Prohibition on Repetitive Investigation

 

If importers and exporters are subjected to repetitive investigations for the same transactions, they may become too nervous to focus on their business. Fortunately, as stipulated in Article 111 of the CUSTOMS ACT (관세법) and Article 136 of the ENFORCEMENT DECREE OF THE CUSTOMS ACT (관세법 시행령), customs reinvestigation is allowed only in limited cases.

CUSTOMS ACT

 

Article 111 (Prohibition from Abusing Right to Investigate Customs Duty)

(1) Customs officers shall conduct a customs duty investigation to the minimum extent necessary to realize proper and fair taxation and to protect lawfulness of customs clearance and shall not abuse the investigation right for other purpose.

(2) Customs officers are prohibited from reinvestigating the same person who has been investigated in connection with the relevant case except in any of the following subparagraphs:  <Amended on Dec. 19, 2017; Dec. 31, 2023>

1. Where there exists hard evidence corroborating a suspicion of a duty evasion, etc.;

2. Where it is necessary to investigate a trading partner of a person who has been investigated;

3. Where a reinvestigation (limited to a reinvestigation conducted within the scope specified in the text of the written decision) is conducted based on a decision on reinvestigation made under the latter part of Article 118 (4) 2 or the latter part of Article 128 (1) 3 (including cases applicable mutatis mutandis in the main clause of Article 132-4);

4. Where a duty payer provides or offers to provide any money or valuables to any customs officer in connection with the duties of the customs officer;

5. General investigations are conducted against persons who have been on suspicion of tax evasion and other cases prescribed by Presidential Decree.

 

ENFORCEMENT DECREE OF THE CUSTOMS ACT

 

Article 136 (Prohibition on Repetitious Investigation)

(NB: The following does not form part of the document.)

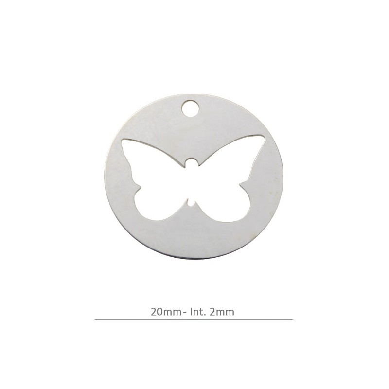 Pendentif papillon perceuse 2mm. Argent 925. Le sac contient une unité et la taille est de 20 mm.

"General investigations are conducted against persons who have been on suspicion of tax evasion and other cases prescribed by Presidential Decree" in Article 111 (2) 5 of the Act means the case where a general investigation is conducted on persons suspected of evading customs duties through smuggling, illegal or unfair trade or other acts which disrupt economic order.  <Amended on Apr. 1, 2011; Feb. 2, 2012; Feb. 13, 2018>

 

Simply put, the fact that a general customs investigation has been conducted does not guarantee that a customs offense investigation won’t be conducted. How about the reverse? If someone has undergone a customs offense investigation and received a ‘Not Guilty’ decision, are they then exempt from a general customs investigation for the same transactions? The answer is yes, as confirmed in the recent tax tribunal ruling (Case No. 조심 20230053).


Customs authorities argued that, as prescribed in Article 110 (2) of the CUSTOMS ACT, a customs offense investigation is differentiated from a general customs investigation. The prohibited reinvestigation under the Article 111 of the CUSTOMS ACT is considered a repetitive general customs investigation. Therefore, import declarations may be subject to a general customs investigation after a customs offense investigation.

 

Tax judge opposed the customs authorities’ opinion for the following reasons:

-        When investigating an importer for a suspected violation of Article 270 [Offense of Evading Customs Duties], the inquiry not only serves the purpose of initiating criminal proceedings but also aims to rectify any deficient or overpaid taxes under Article 38-3 [Amendment and Rectification].

-        Discriminating between a customs offense investigation and a general customs investigation and excluding the former from the principle of prohibiting reinvestigation does not conform to the principle’s purpose.

-        Despite having collected materials during the customs offense investigation, the customs authorities chose not to take similar action.

-        There seems to be no other unavoidable reasons for conducting a general customs investigation after the delivery of ‘Not Guilty’ notice for the customs offense investigation.

-        Allowing reinvestigation for a customs offense investigation while prohibiting reinvestigation for a general customs investigation neutralizes the principle of prohibiting reinvestigation, depending on the order of customs investigation types.

-        Since the customs authorities’ disposition resulted from the prohibited reinvestigation, the disposition in question is unjust.


Therefore, if Korean importers are not involved in customs offenses such as smuggling, evading customs duties, price forgery, acquiring smuggled goods, evading disposition, lending titles, or false reporting, they don’t have to worry about reinvestigation.